The alley was a dead end, and the air was thick with the stench of oil and desperation.

"Look, I have no idea what's going on," he said, his words tumbling out faster now, laced with a raw edge of frustration.

"I just woke up in this weird-ass alley, my jacket's turned into a walking meme generator, and I'm pretty sure I'm hallucinating a snarky fairy who won't stop roasting me—"

"Rude," GlitchWitch interrupted, her tiny sprite form materializing beside his head with a pop of static.

She hovered lazily, her neon-purple hair flickering between vibrant spikes and pixelated noise.

"I'm a sprite, not a fairy, you budget esports has-been. Read the tooltips, champ."

"—so unless you guys take credit cards for dream taxes," Zephyr pressed on, ignoring her, "I'd really like to—"

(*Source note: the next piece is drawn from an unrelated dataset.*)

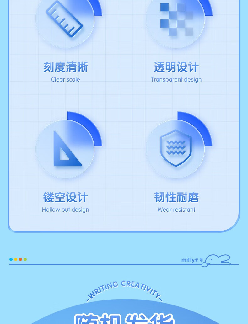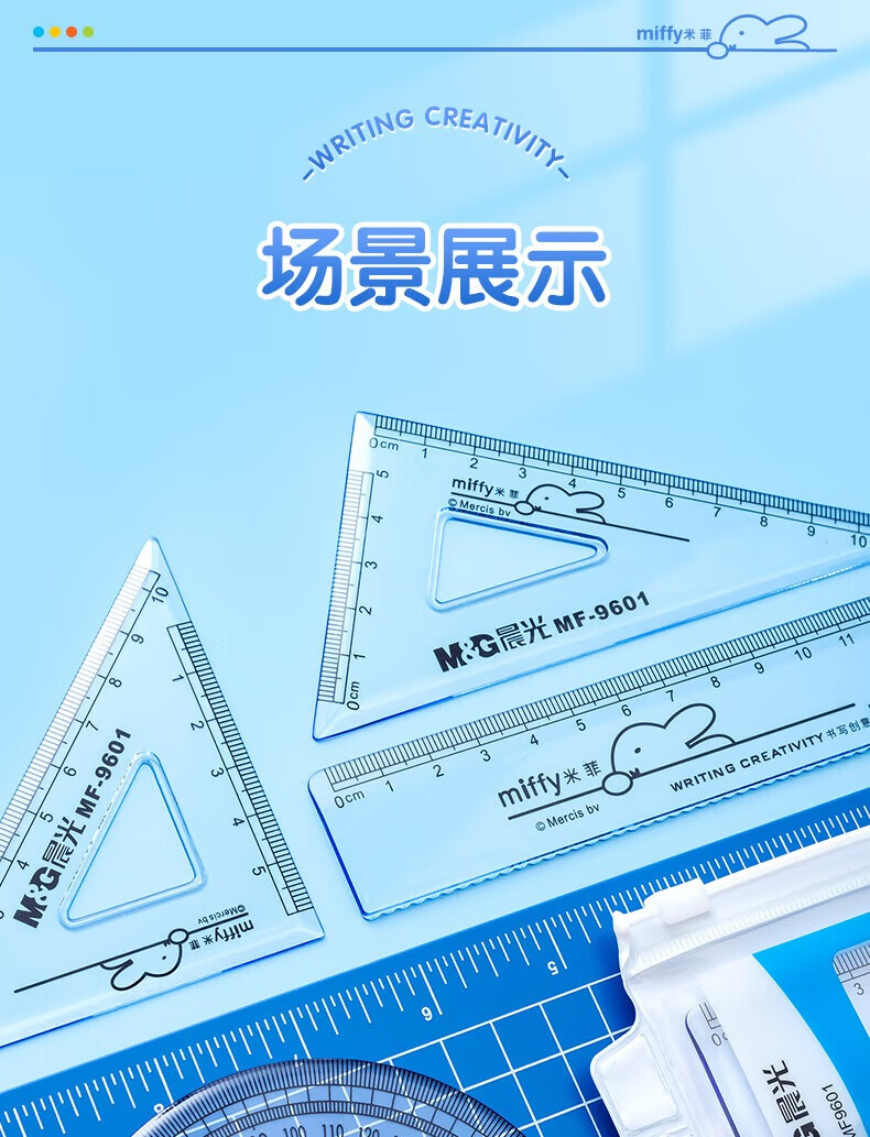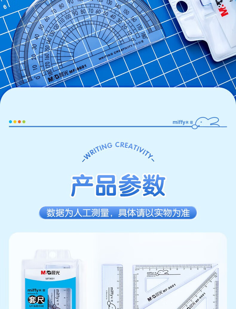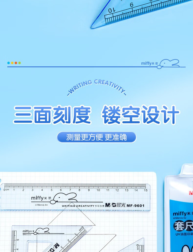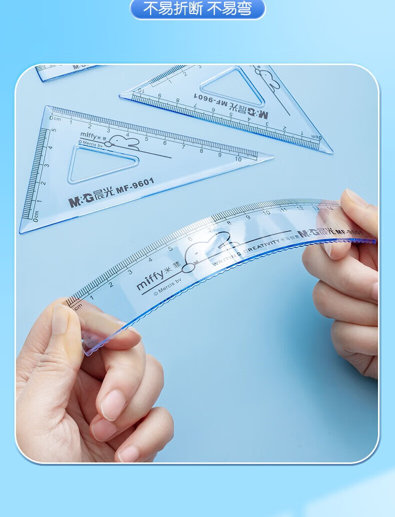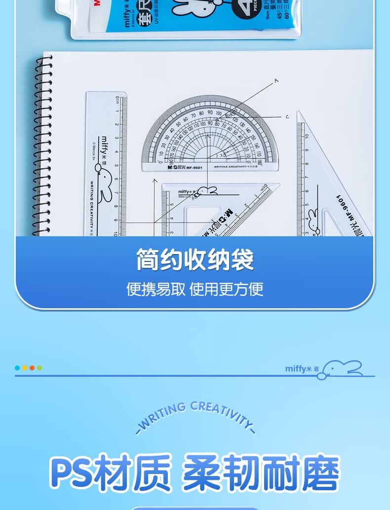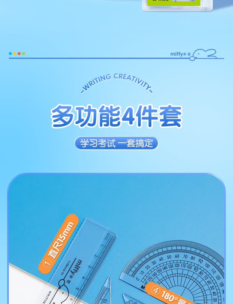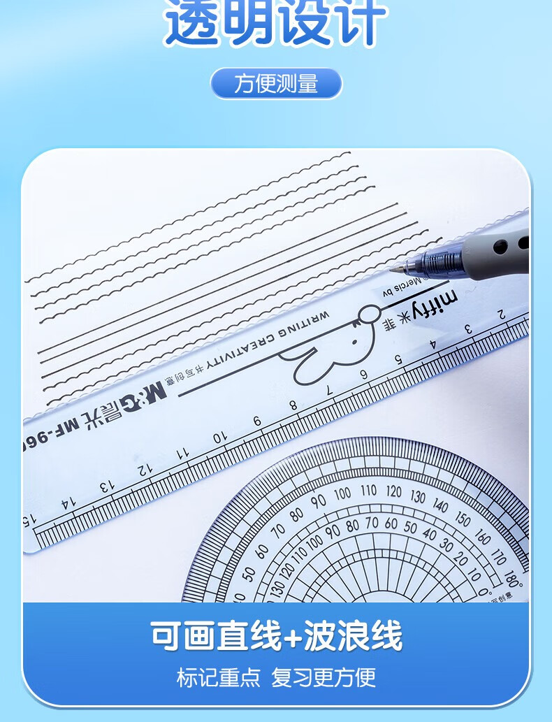 晨光(M&G)米菲套尺尺子套装小学生考试 4件套(直尺15cm+三角尺*2+量角器)MF9601中考高考
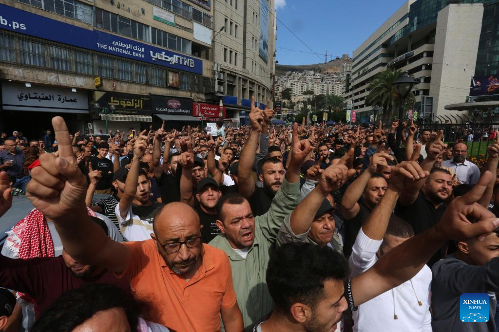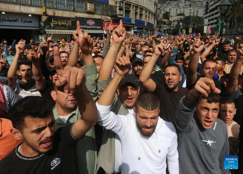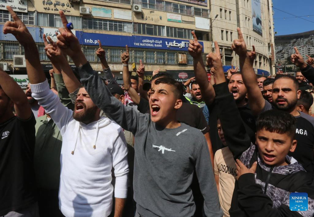 Palestinians protest against an airstrike on the Al-Ahli Arabi Baptist Hospital in the West Bank city of Nablus, Oct. 18, 2023.

The spiked club came down with a bone-rattling crunch, slamming into the cobblestone inches from his foot, sending a spray of grit and water into the air.

Zephyr's breath caught, his body freezing as the impact reverberated through the ground.

"Mana tax. Now," Baldy growled, his eyes narrowing to slits, the club still embedded in the stone like a grim promise.

Zephyr's pulse thundered in his ears, his gaze snapping to the glowing interface that flickered to life on his wrist, unbidden.

A prompt pulsed in bold, neon letters, its urgency practically screaming at him:

[Would you like to engage combat with CHAOS ECHO?]

[Y/N]

He hesitated, his fingers hovering over the holographic display as a cold sweat prickled down his spine.

"...Is this going to kill me?" he muttered, half to himself, half to the smirking sprite floating nearby.

"Statistically?" GlitchWitch's voice was syrupy sweet, her pixelated grin widening with malicious glee.

"Oh, almost certainly. But the epic fail potential? Off the charts—9000% and climbing. Go for it, SparkleBoy."

"Great," Zephyr muttered, his jaw tightening as he jabbed the [Y] option with more bravado than he felt.

If this was a game, he'd played worse odds.

If it wasn't… well, he was screwed either way.